# Need idea on 6ft Planted Tank LED Lighting



## Geniouscrow (Jun 20, 2012)

Hi,
This is my first post in plantedtank.net . I am from Bangladesh. Planning to set a 6ft x 2ft x 2ft planted tank. as substrate i want to use minarelized substrate and pressurized CO2 system. But I am confused with the Lighting. At first I am think for MH but that is produce too much heat as well as intake a huge electricity. So i think about LED lighting. But in my country still LED light hood for planted aquarium not available. So I have to go for DIY hood. So please suggest me a guide line for making a DIY LED lighting system for my Tank.


----------



## dzega (Apr 22, 2013)

buy bunch of "plant growth blue" and "plant growth red" leds, buy driver/s and build chasis out of aluminium pipes. at least thats what im doing for trying out diy led effect on planth growth


----------



## dzega (Apr 22, 2013)

also you probably will need green or warm white leds for pleasant plant color to your eye.


----------



## Geniouscrow (Jun 20, 2012)

dzega said:


> buy bunch of "plant growth blue" and "plant growth red" leds, buy driver/s and build chasis out of aluminium pipes. at least thats what im doing for trying out diy led effect on planth growth


thanks for the info. but how many LED light I have to use? and which brand will be best?


----------



## Fishmommy (Feb 16, 2013)

On my 6ft tank I have a wooden canopy. Inside that I mounted 6 AH Supply 26 w LED bulbs and it looks awesome. My plants love it


Sent from my gadget using Trippytalk HD


----------



## thelub (Jan 4, 2013)

Welcome to the forum! Lots of great info around here.

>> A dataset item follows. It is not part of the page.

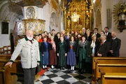Silber und Salz - Die Städte Schwaz und Hall in Tirol"Klingendes Österreich", "Silber und Salz - Die Städte Schwaz und Hall in Tirol." Die Zeit ihrer Hochblüte ist bei den Tiroler Städten Schwaz und Hall schon vor Jahrhunderten zu Ende gegangen. Die Spuren jedoch, die der Silberreichtum und der Salz-Segen hinterließen, haben in ihren Bauwerken als steinerne Zeugen die Zeiten überdauert und erfreuen in unseren Tagen Augen und Gemüter der Menschen. Das Zusammenspiel von historischer und landschaftlicher Schönheit, überragt von den Karwendelbergen mit dem markanten Bettelwurf, lässt eine gute klingende Stunde erwarten. Verfeinert mit Gesang und Musik von Knappenmusik Schwaz, Unterinntaler Volksmusikanten, Geschwister Huetz, Stimmpfeffer, Franz Posch & seine Innbrüggler, Harfenduo Saringer - Seiwald, Vokalensemble Cantilena Tyrolensia und Speckbacher Stadtmusik Hall in Tirol.Im Bild: Helli und Sepp Forcher mit dem Vokalensemble Cantilena Tyrolensia.Bild: © ORF

http://www.buildmyled.com/ is a good place to start


----------



## Gilly (May 26, 2004)

I second that. I use buildmyled.com and really like them. Contact Nick there.. He will get you squared away

Gm

Sent from my SCH-I535 using Tapatalk 2


----------



## Mark Allred (May 3, 2013)

Check these out. I read you should upgrade to the Meanwell drivers.
http://www.aquastyleonline.com/


----------



## majorwoo (Dec 25, 2012)

Nothing against LED (as I've not done them) but I've had great success with DIY CFL - worth checking out.


----------